DATA PROVIDED:
☆ ☆ ☆ ☆ ☆ ☆ ☆

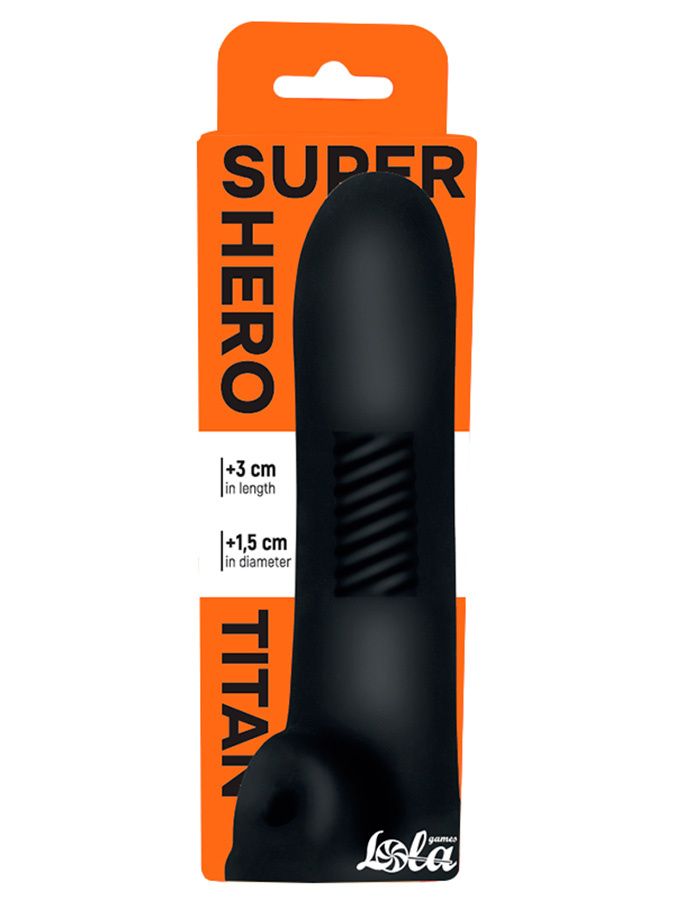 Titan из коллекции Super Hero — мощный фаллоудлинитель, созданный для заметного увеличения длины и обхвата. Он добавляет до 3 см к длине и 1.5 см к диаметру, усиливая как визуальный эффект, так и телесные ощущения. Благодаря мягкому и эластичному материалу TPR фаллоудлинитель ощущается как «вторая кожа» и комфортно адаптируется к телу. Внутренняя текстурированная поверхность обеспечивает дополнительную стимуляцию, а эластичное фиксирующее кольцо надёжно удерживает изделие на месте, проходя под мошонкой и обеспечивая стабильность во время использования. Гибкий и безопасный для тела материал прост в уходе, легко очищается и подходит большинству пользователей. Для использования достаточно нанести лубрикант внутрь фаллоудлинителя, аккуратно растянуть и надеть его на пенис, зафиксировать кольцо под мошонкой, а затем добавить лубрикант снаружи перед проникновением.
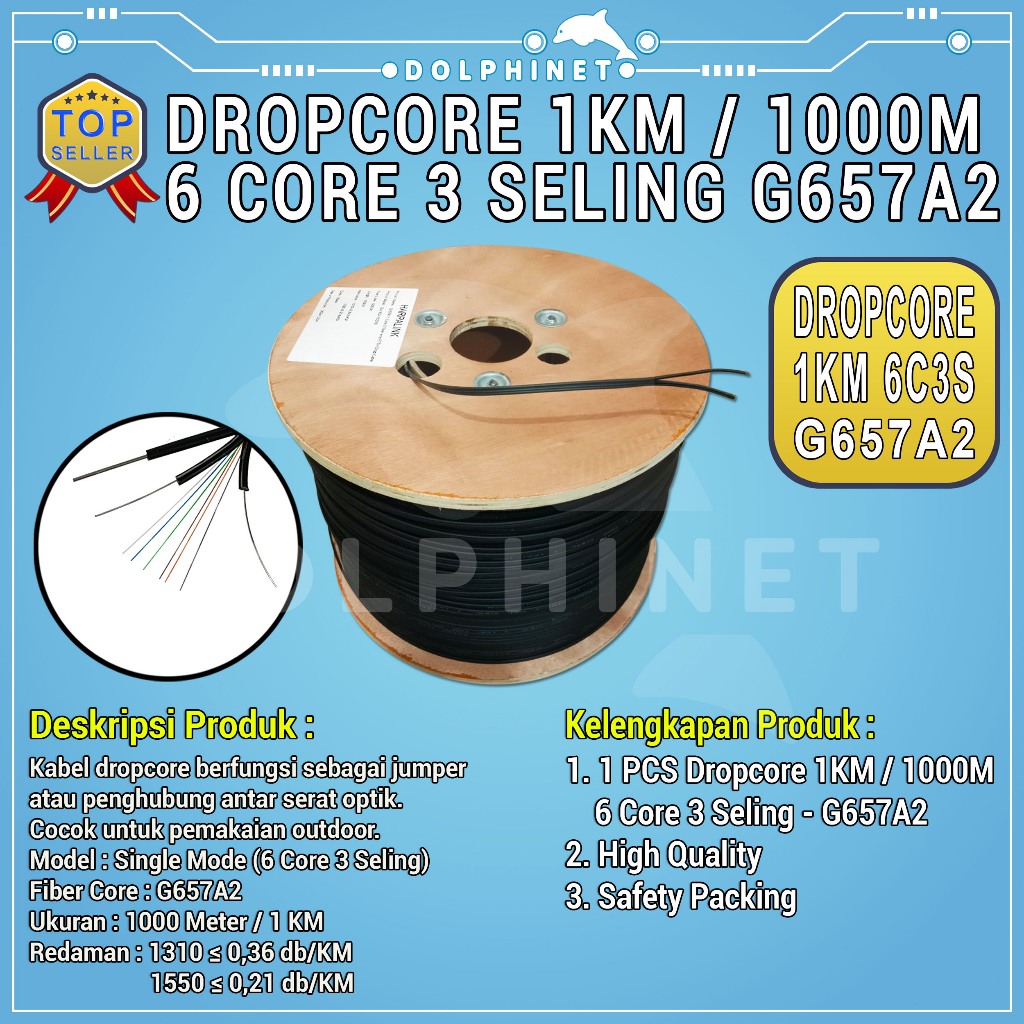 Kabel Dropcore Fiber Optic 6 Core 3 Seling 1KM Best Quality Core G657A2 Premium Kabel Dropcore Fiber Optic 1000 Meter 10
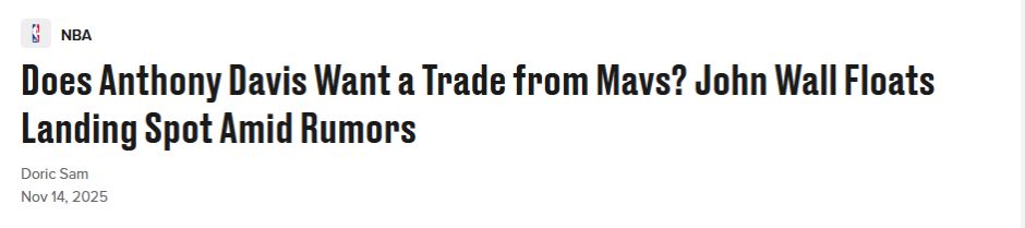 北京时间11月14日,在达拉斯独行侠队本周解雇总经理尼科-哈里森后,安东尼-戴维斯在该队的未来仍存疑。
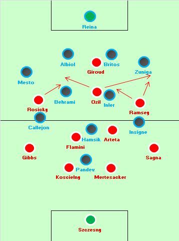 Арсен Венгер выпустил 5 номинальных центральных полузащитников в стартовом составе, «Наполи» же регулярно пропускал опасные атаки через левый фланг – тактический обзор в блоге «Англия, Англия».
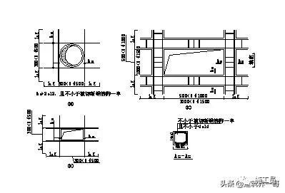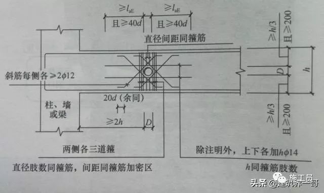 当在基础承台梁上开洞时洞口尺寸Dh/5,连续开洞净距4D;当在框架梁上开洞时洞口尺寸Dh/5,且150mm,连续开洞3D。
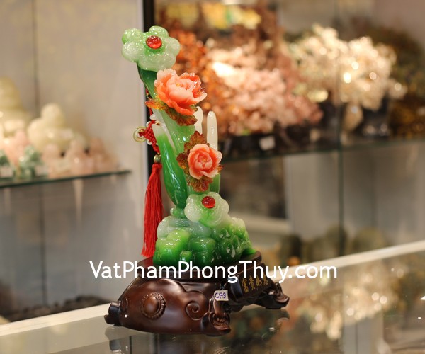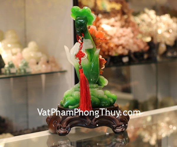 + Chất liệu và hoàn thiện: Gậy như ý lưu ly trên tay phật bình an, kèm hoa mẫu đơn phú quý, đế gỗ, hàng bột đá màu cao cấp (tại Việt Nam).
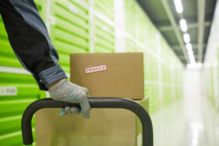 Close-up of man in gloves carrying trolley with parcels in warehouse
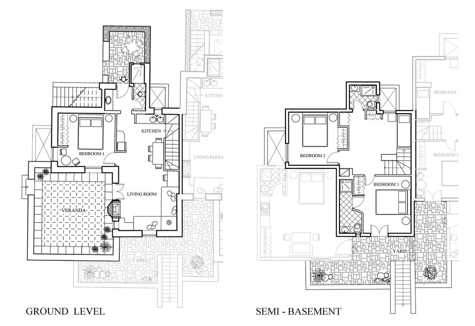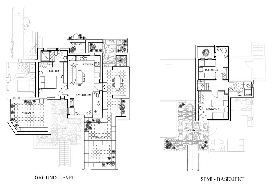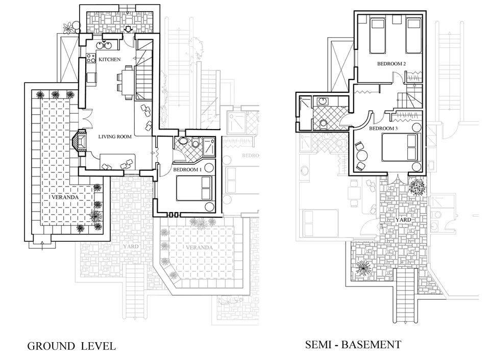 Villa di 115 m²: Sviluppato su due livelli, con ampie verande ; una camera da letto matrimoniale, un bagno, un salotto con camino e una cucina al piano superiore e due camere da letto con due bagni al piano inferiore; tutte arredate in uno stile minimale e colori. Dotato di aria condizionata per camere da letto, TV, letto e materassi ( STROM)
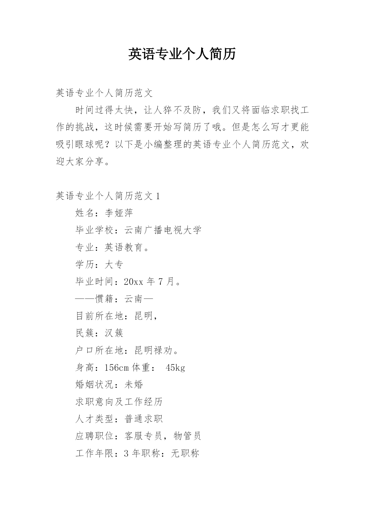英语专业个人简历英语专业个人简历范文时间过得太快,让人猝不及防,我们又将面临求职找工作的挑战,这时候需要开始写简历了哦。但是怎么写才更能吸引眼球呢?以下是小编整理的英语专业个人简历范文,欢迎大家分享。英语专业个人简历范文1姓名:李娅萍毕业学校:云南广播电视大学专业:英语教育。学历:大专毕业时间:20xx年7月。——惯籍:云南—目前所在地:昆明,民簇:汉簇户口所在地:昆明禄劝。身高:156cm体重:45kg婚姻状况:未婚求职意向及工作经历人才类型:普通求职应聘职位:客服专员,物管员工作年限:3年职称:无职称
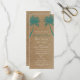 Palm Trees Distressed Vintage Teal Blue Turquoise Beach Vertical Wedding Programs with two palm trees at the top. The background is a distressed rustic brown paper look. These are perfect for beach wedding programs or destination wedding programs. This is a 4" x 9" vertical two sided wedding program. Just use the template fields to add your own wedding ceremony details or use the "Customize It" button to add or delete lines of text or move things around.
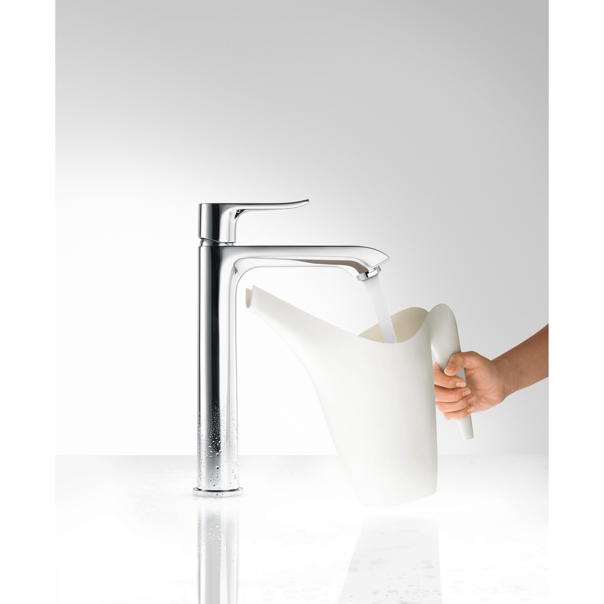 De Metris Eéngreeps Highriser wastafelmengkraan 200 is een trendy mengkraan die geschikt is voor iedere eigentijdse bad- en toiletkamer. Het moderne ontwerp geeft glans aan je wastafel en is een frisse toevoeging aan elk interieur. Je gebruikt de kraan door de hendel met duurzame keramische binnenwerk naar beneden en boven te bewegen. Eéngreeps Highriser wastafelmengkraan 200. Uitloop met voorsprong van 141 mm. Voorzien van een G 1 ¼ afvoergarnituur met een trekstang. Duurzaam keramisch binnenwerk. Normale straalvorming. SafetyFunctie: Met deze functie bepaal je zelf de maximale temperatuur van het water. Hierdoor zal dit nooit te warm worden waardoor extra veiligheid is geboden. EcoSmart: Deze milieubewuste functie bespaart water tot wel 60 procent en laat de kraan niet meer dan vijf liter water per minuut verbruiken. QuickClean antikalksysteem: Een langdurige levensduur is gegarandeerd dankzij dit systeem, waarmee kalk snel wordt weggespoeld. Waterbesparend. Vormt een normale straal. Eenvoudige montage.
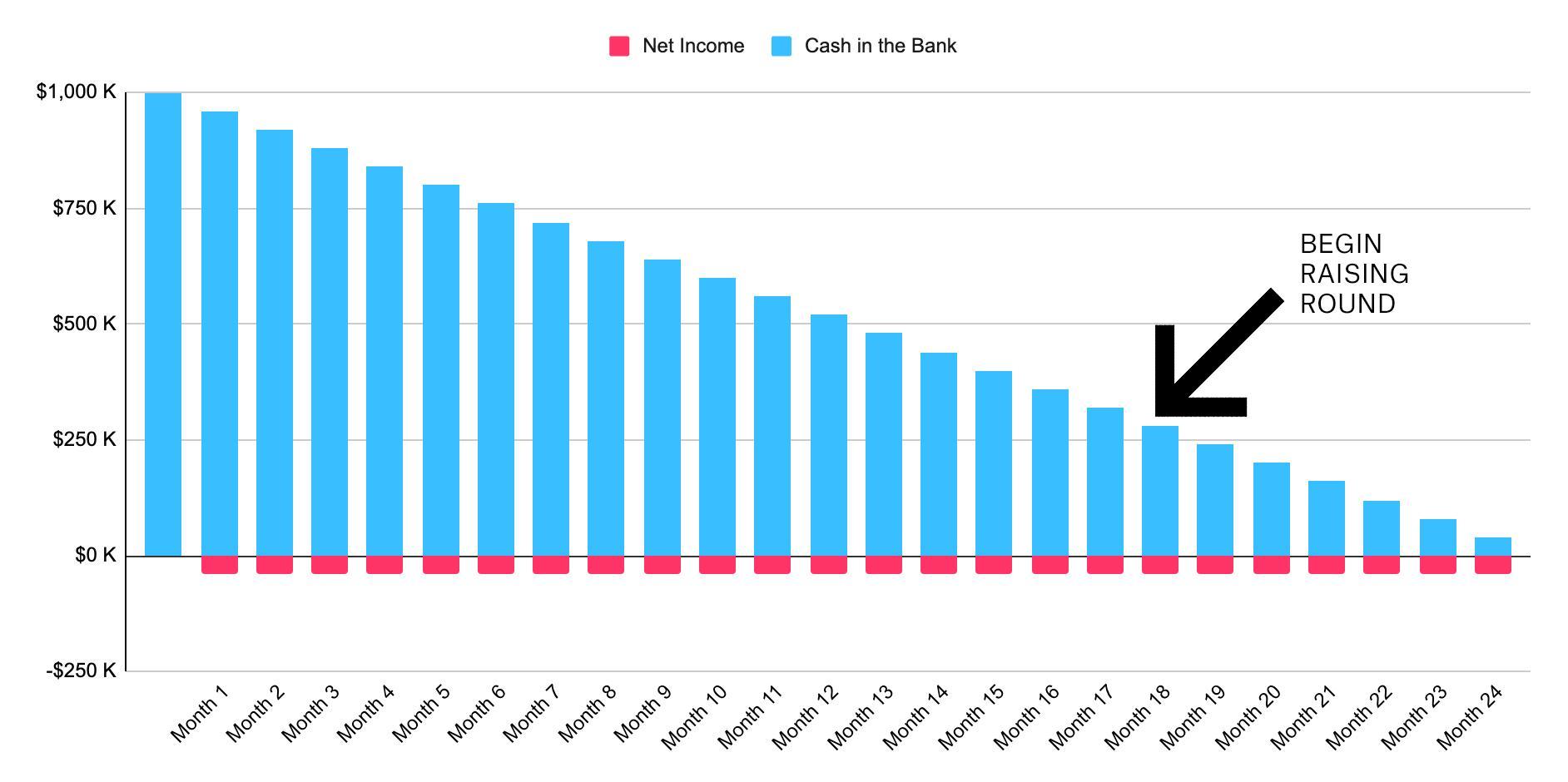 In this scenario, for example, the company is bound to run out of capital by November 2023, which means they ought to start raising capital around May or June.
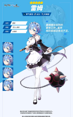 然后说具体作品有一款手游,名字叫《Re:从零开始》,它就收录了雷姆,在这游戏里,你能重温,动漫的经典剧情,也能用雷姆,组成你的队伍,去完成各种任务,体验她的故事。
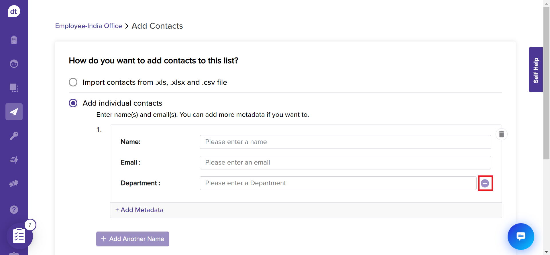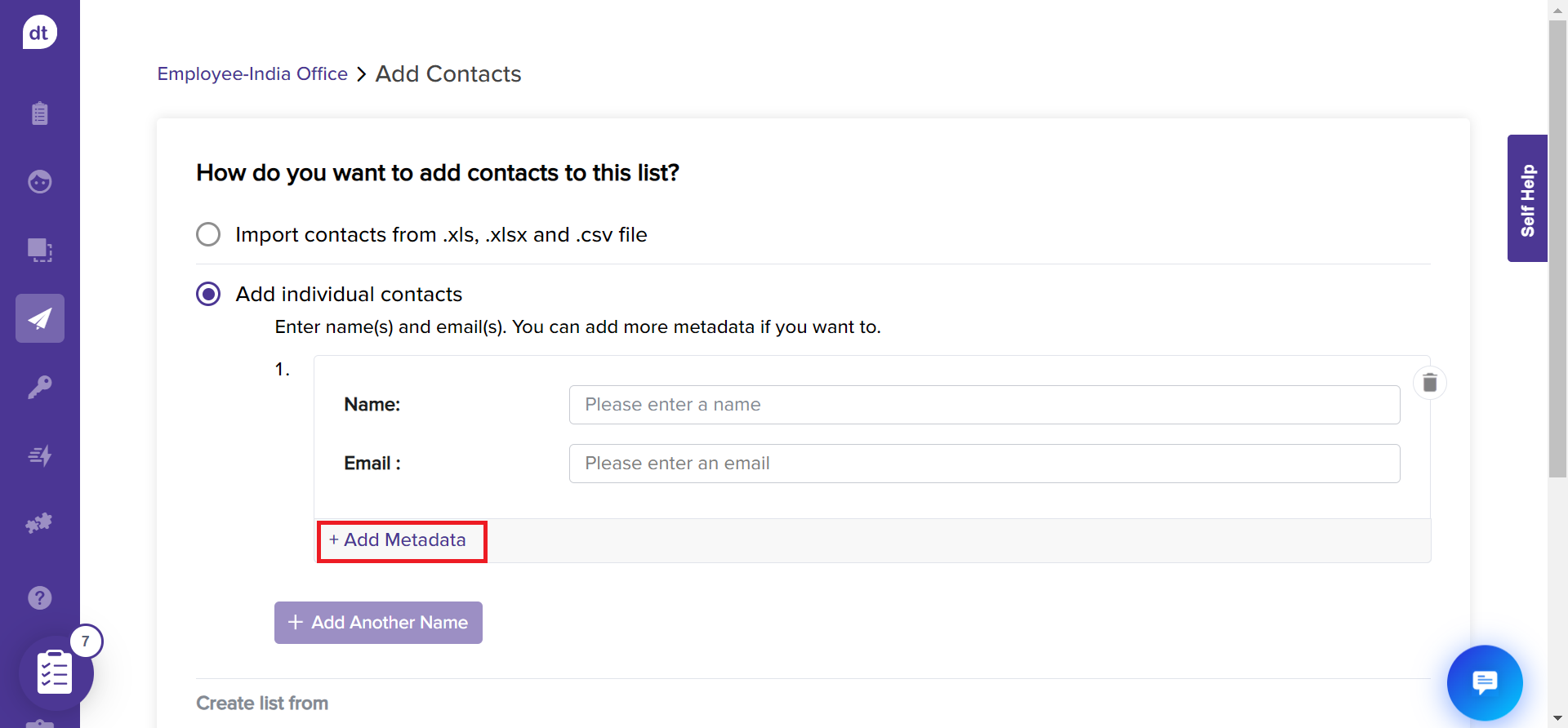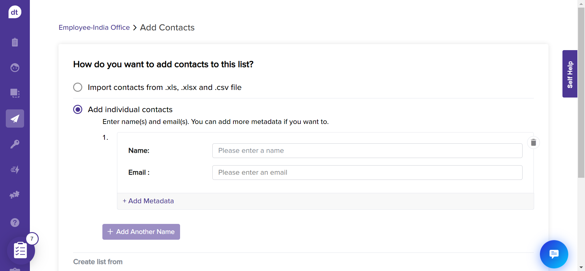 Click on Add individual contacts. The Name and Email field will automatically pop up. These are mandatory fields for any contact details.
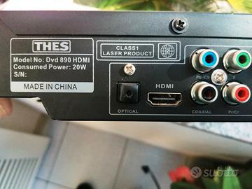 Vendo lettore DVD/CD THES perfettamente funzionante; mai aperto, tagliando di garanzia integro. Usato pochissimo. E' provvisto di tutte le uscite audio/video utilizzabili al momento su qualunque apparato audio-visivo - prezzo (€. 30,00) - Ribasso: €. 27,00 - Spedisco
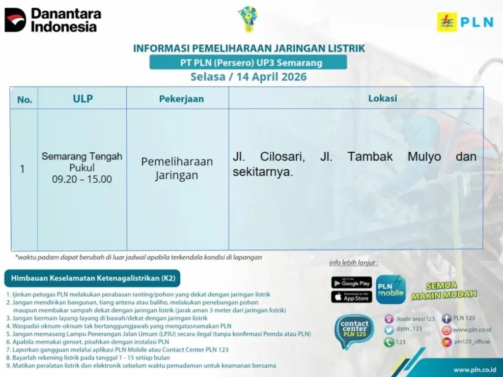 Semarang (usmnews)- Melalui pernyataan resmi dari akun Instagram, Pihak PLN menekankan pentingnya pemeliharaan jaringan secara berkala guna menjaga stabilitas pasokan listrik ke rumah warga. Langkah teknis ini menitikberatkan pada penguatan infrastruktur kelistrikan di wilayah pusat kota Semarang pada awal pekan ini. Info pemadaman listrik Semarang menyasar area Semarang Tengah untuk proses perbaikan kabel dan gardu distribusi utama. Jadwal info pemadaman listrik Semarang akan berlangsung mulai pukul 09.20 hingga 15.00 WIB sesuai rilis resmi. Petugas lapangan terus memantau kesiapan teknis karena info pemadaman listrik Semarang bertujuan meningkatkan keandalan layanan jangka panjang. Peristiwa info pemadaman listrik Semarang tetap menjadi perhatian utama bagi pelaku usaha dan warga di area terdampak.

☆ ☆ ☆ ☆ ☆ ☆ ☆

Your answer must be everything above from the line with "Close-up of man" down to the line with "Villa di 115", word for word, and no pictures.

 Close-up of man in gloves carrying trolley with parcels in warehouse
 Villa di 115 m²: Sviluppato su due livelli, con ampie verande ; una camera da letto matrimoniale, un bagno, un salotto con camino e una cucina al piano superiore e due camere da letto con due bagni al piano inferiore; tutte arredate in uno stile minimale e colori. Dotato di aria condizionata per camere da letto, TV, letto e materassi ( STROM)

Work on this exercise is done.